- WIS 60 highlighted in red

Route information
- Maintained by WisDOT
- Length: 185.08 mi (297.86 km)

Major junctions
- West end: US 18 in Prairie du Chien
- US 18 in Bridgeport; US 61 in Boscobel; US 14 in Gotham; US 14 / WIS 23 in Spring Green; US 12 / WIS 78 in Sauk City; I-39 / I-90 / I-94 in Lodi; US 51 / WIS 22 in Arlington; US 151 in Columbus; I-41 / US 41 in Slinger; US 45 in Jackson;
- East end: I-43 / WIS 32 / WIS 57 / LMCT in Grafton

Location
- Country: United States
- State: Wisconsin
- Counties: Crawford, Richland, Sauk, Columbia, Dodge, Washington, Ozaukee

Highway system
- Wisconsin State Trunk Highway System; Interstate; US; State; Scenic; Rustic;
| ← WIS 59 |  | → US 61 |

= Wisconsin Highway 60 =

Highway in Wisconsin

State Trunk Highway 60, often called Highway 60, STH-60 or WIS 60, is a state highway in the U.S. state of Wisconsin.

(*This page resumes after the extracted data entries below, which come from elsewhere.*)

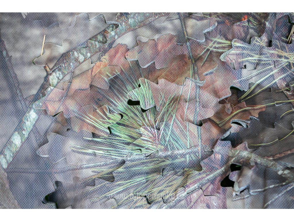 3D maskovací přehoz z trvanlivého materiálu. Je určen pro vytvoření stacionárního krytu v lese, u pole nebo rybníku. Vysekané lístky vytváří 3D efekt a je přes ně vidět ven. Kryt maskovaný tímto typem přehozu je možné velice snadno domaskovat okolním porostem. Materiál je textilní fólie (podobná jako např. pod zeleninu). Vydrží déšť, ale životnost zkracuje přímý sluneční svit.
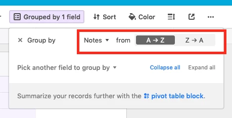 I have a list of projects grouped using the Project Name field. I’d like to display the groups in order by completion dates.
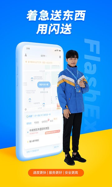 闪送员从您那里取件后,直接送达到您指定的目的地,无任何中转环节,真正即取即送。
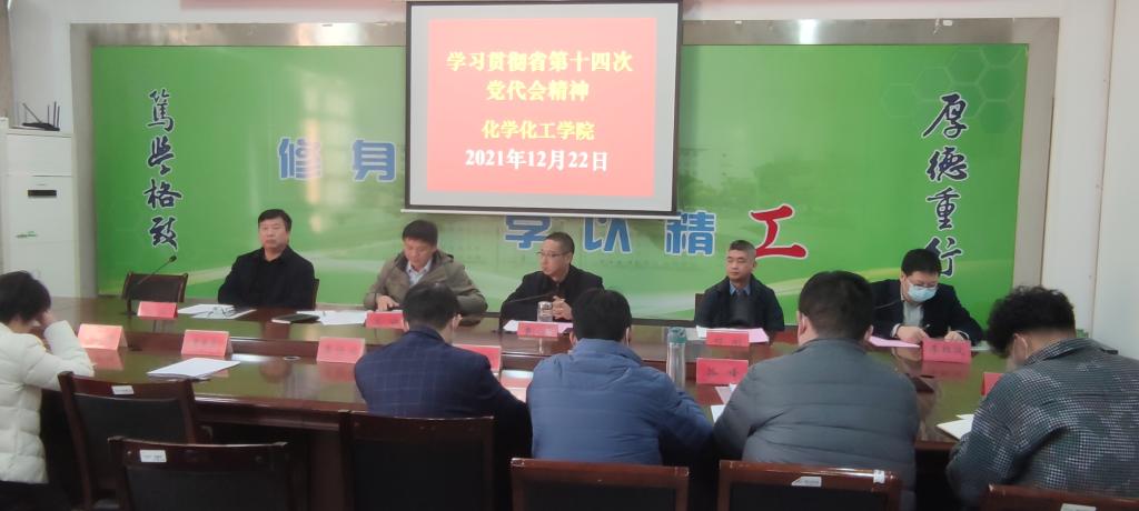 12月22日下午,在北校区化学化工学院201会议室,学院组织召开专题学习会,传达学习贯彻省第十四次党代会精神。学院党委书记高健主持,学院全体教职工参加。
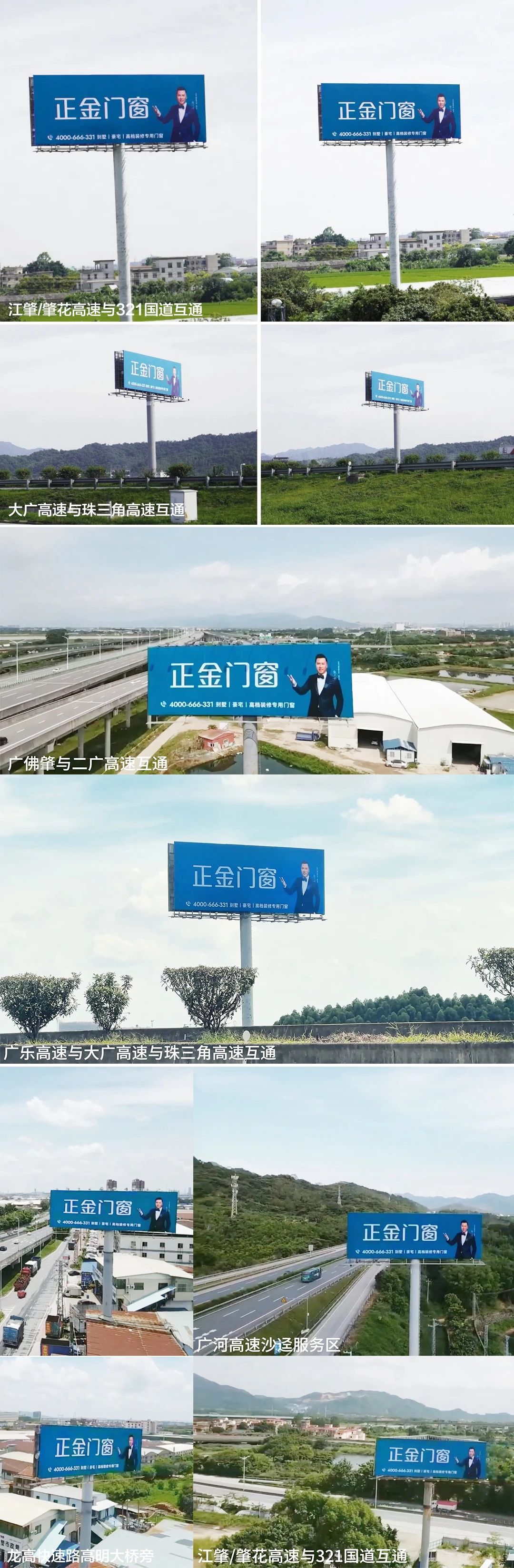 在全媒體時代,精準(zhǔn)把握核心傳播渠道,是品牌塑造的關(guān)鍵。正金門窗深諳此道,戰(zhàn)略性強(qiáng)勢登陸高速公路高炮廣告——這一被譽(yù)為戶外傳播“第一戰(zhàn)場”的核心陣地。
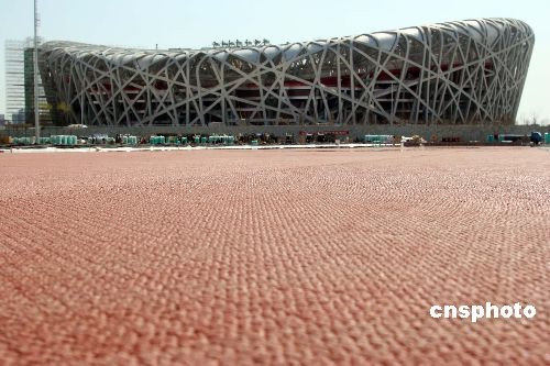 隨著北京奧運會腳步的逐漸臨近,奧運場館的建設也進入了最后的收尾階段。3月下旬,國家體育場“鳥巢”旁的熱身場地塑膠跑道已基本鋪設完成。中新社發 富田 攝
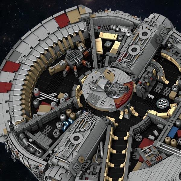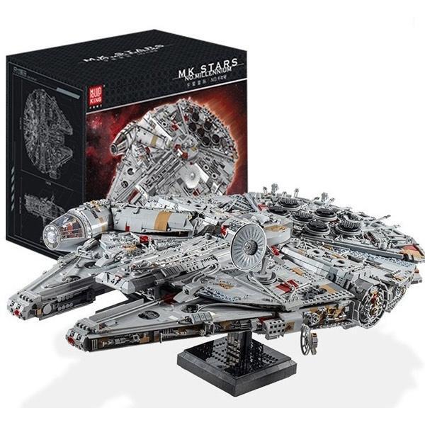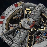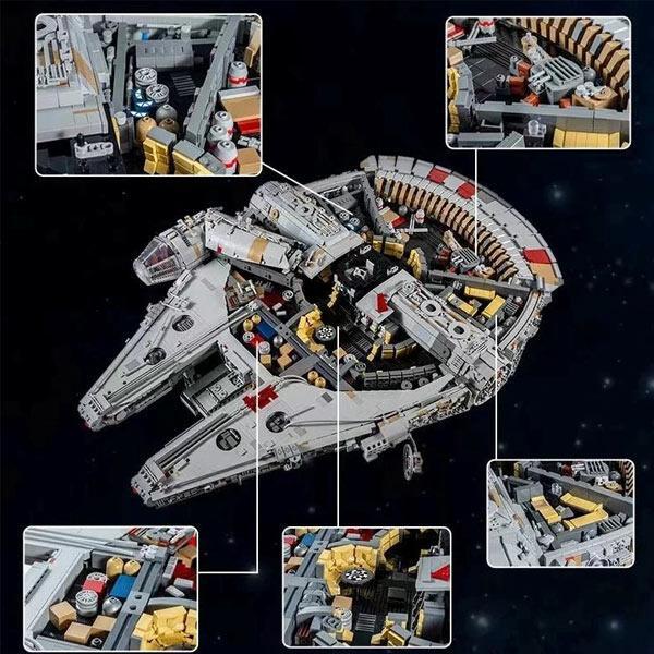 Defend the galaxy and build the huge Millennium Falcon spacecraft! This Millennium Falcon includes complex exterior details and interior decorations, four-tube laser cannons, electromagnetic laser cannons, battle cabins, and more. And if you remove the hull board, you can also see the very detailed main cargo compartment, combat resource storage compartment, combat preparation compartment, material storage compartment, meeting cabin, and rest compartment. The collectible model stands on a sturdy base and makes an impressive display.
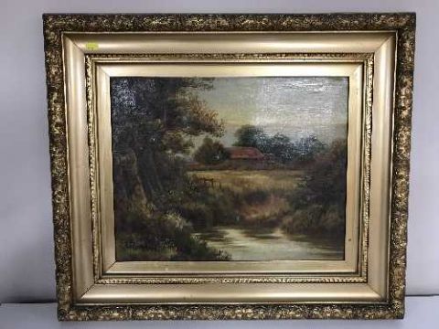 A gilt framed oil on canvas by A. Roddam - rural landscape
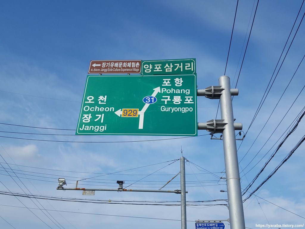 다시 31번 국도로 올라온 해파랑길은 원래 코스에는 양포 해수욕장으로 나갔다가 다시 돌아오는 길이 있지만 지금은 공사 중이라 막혀 있었다. 수성천을 건너는 양포교까지 직진한다. 그런데, 길 안내판에 "장기 유배 문화 체험촌"이란 문구를 보고는 처음에는 우스운 생각이 들기도 했다. 장기간의 유배 생활을 체험한다고? 알고 보니 이것은 완전히 초등학생 같은 상상이었다. 이곳의 지역 이름이 장기면이고 다산 정약용이 이곳에 유배 왔었다는 시대 배경, 고려 시대에 축성했다는 장기읍성이 체험촌에 같이 있다는 것까지 알고 나니 오호! 하는 호기심도 생길 정도였다.

It runs east–west in southern Wisconsin from Prairie du Chien on the Mississippi River at the Iowa state line to the village of Grafton near Lake Michigan.

==Route description==
===Iowa state line to Sauk Prairie===
WIS 60 begins at the Marquette–Joliet Bridge above the Mississippi River. Since US Highway 18 (US 18) and WIS 60 share the same bridge, both routes form a concurrency. At the eastern approach, the concurrency briefly becomes a one-way pair before turning south. For eastbound traffic, they utilize Iowa Street; for westbound traffic, they utilize Wisconsin Street. Before turning south on Main Street, they intersect WIS 27. After traveling south, they then briefly curve east just north of the Prairie du Chien Municipal Airport. Then, they travel southeastward via WIS 35 and the Great River Road. In Bridgeport, WIS 60 leaves the concurrency, continuing eastward.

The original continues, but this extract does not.